[What is expected]:
Under this line are records; the part from the line containing "Trueval - طاسة" through the line containing "Cukinię myję oraz" should be repeated exactly. Please exclude pictures.

[Given data]:
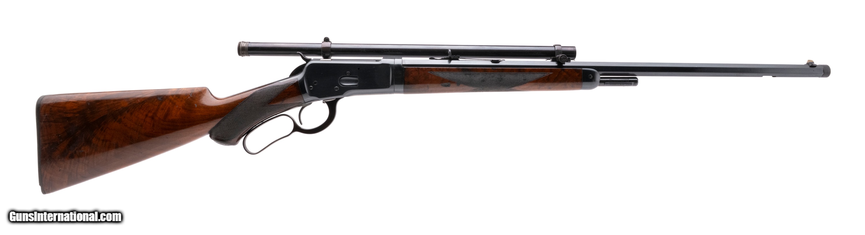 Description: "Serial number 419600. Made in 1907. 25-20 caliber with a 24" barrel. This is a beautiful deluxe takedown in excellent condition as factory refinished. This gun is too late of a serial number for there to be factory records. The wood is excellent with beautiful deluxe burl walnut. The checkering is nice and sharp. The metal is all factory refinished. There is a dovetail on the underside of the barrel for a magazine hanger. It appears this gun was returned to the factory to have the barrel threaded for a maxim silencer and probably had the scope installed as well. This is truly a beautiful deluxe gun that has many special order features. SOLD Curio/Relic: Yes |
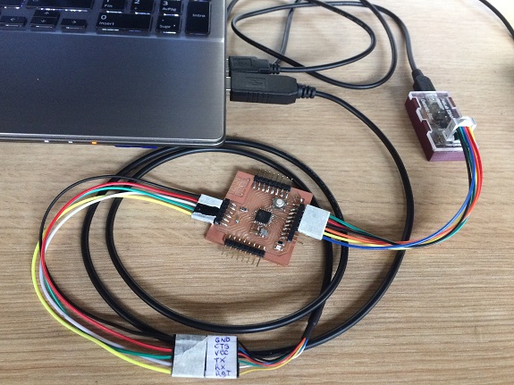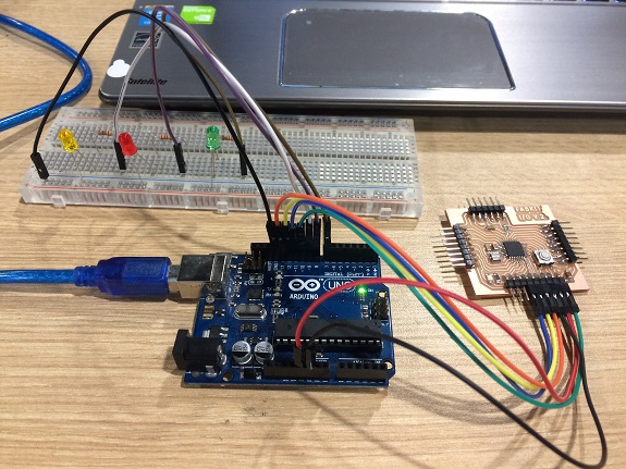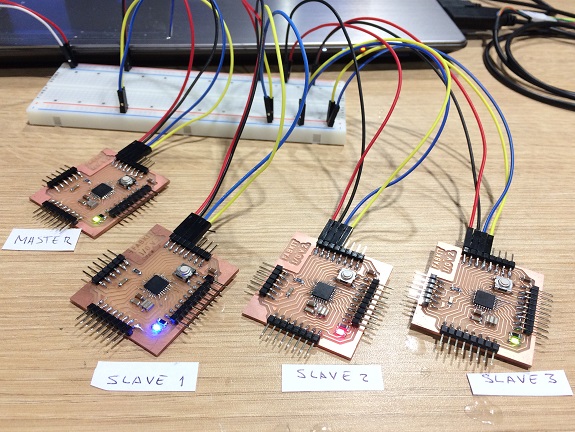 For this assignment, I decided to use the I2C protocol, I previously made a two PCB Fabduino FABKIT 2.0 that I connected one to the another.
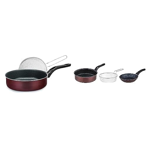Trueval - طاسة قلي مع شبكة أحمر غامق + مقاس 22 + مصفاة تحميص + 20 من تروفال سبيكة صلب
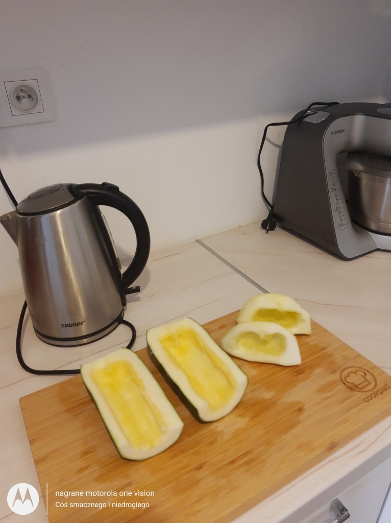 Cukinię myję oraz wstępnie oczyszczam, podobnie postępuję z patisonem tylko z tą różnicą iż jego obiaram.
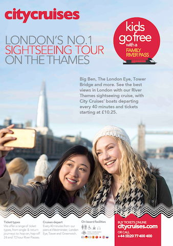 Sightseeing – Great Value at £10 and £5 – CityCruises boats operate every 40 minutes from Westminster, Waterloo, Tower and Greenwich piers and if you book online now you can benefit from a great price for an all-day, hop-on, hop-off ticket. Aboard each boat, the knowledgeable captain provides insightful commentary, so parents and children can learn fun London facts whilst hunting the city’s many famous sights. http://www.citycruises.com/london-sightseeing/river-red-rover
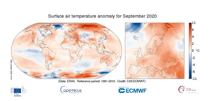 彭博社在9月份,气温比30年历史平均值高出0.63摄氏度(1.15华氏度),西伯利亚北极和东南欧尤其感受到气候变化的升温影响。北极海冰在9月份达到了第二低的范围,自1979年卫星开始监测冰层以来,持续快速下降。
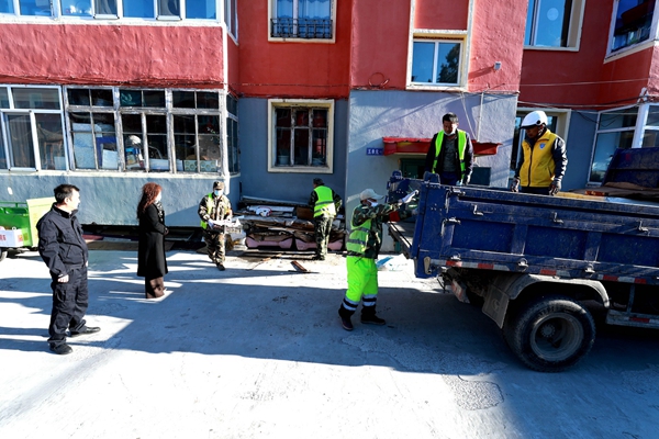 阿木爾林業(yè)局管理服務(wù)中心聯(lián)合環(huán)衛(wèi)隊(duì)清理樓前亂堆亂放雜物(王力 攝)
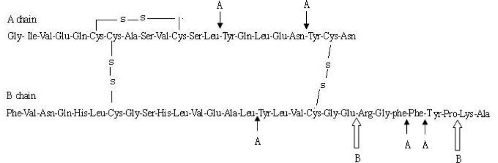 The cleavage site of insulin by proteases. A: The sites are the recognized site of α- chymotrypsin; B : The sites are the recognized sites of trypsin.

---

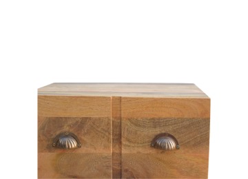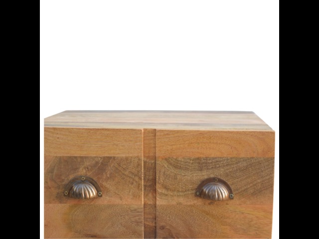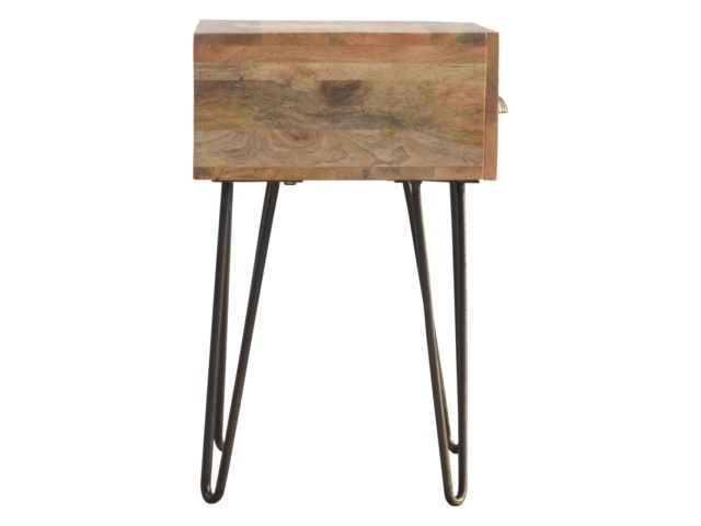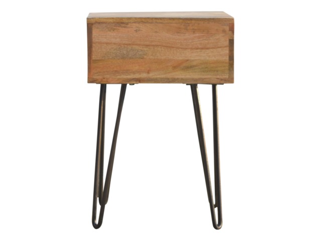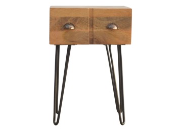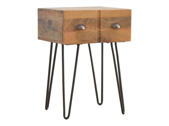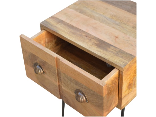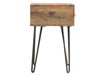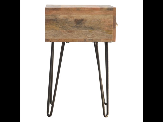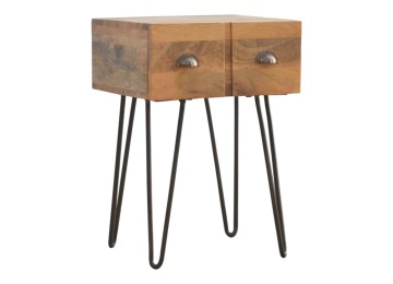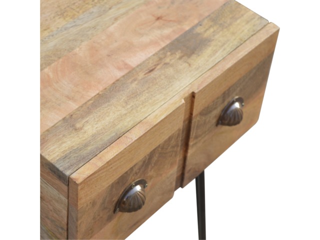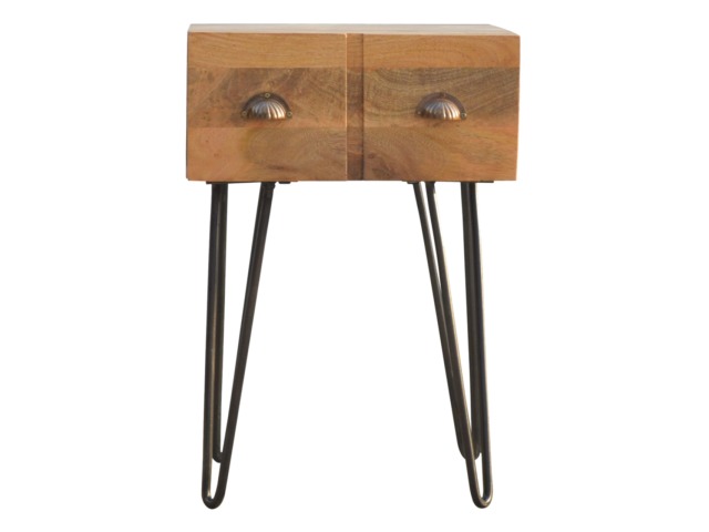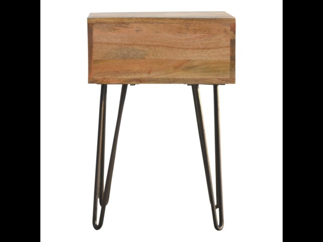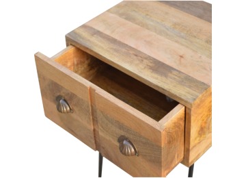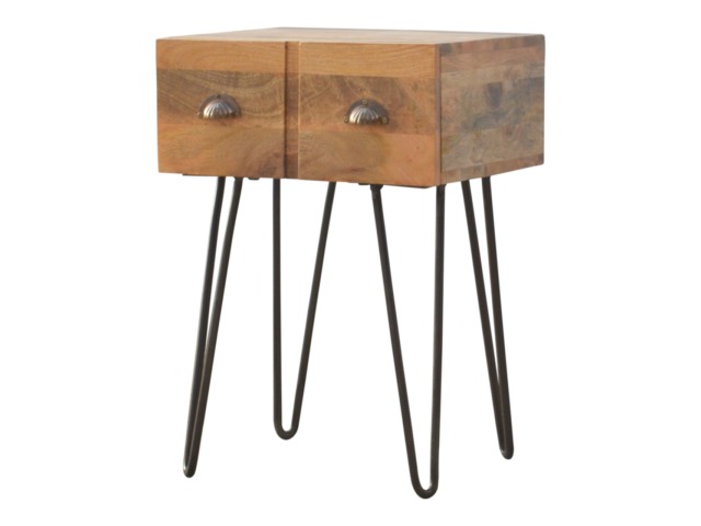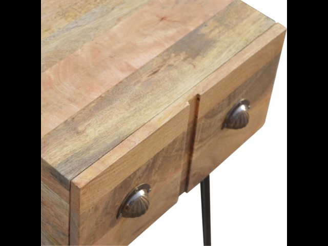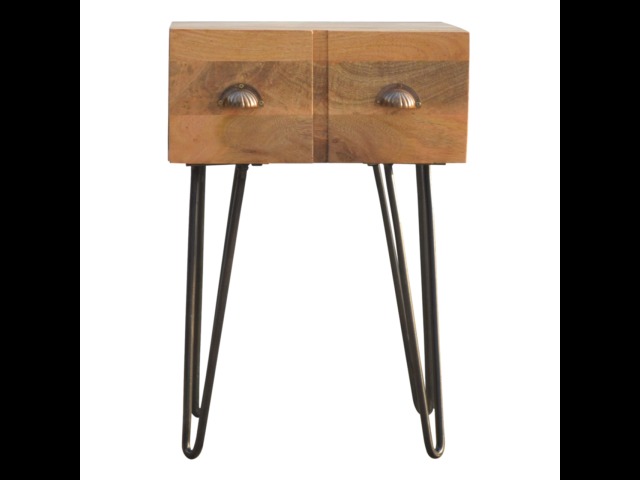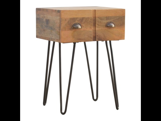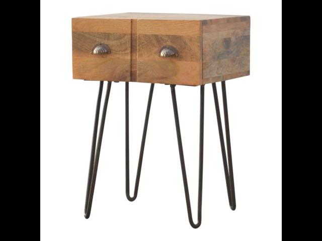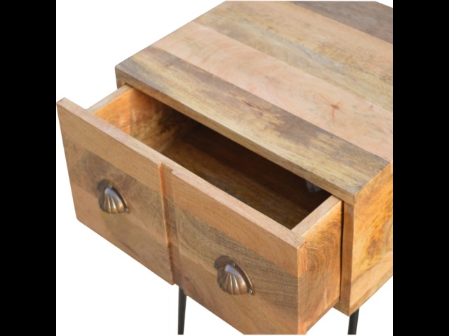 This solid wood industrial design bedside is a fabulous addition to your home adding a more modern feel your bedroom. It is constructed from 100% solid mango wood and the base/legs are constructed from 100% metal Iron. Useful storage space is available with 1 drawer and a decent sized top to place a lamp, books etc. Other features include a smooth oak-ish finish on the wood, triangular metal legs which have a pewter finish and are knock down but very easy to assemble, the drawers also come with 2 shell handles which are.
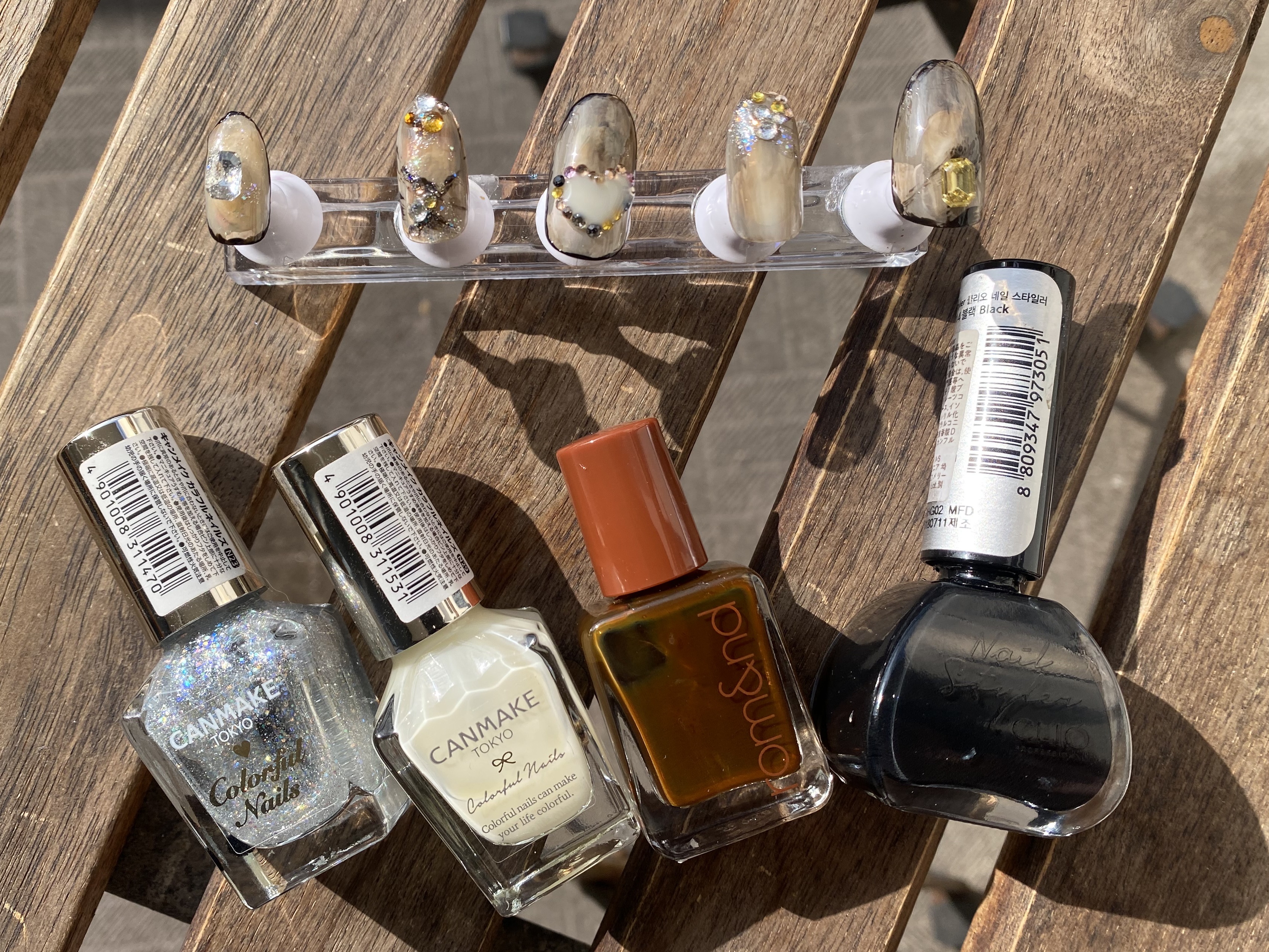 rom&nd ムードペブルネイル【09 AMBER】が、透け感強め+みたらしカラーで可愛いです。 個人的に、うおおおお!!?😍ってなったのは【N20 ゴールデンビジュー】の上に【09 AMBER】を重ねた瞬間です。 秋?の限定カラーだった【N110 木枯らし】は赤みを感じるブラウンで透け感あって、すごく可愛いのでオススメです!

[Result]:
Trueval - طاسة قلي مع شبكة أحمر غامق + مقاس 22 + مصفاة تحميص + 20 من تروفال سبيكة صلب
 Cukinię myję oraz wstępnie oczyszczam, podobnie postępuję z patisonem tylko z tą różnicą iż jego obiaram.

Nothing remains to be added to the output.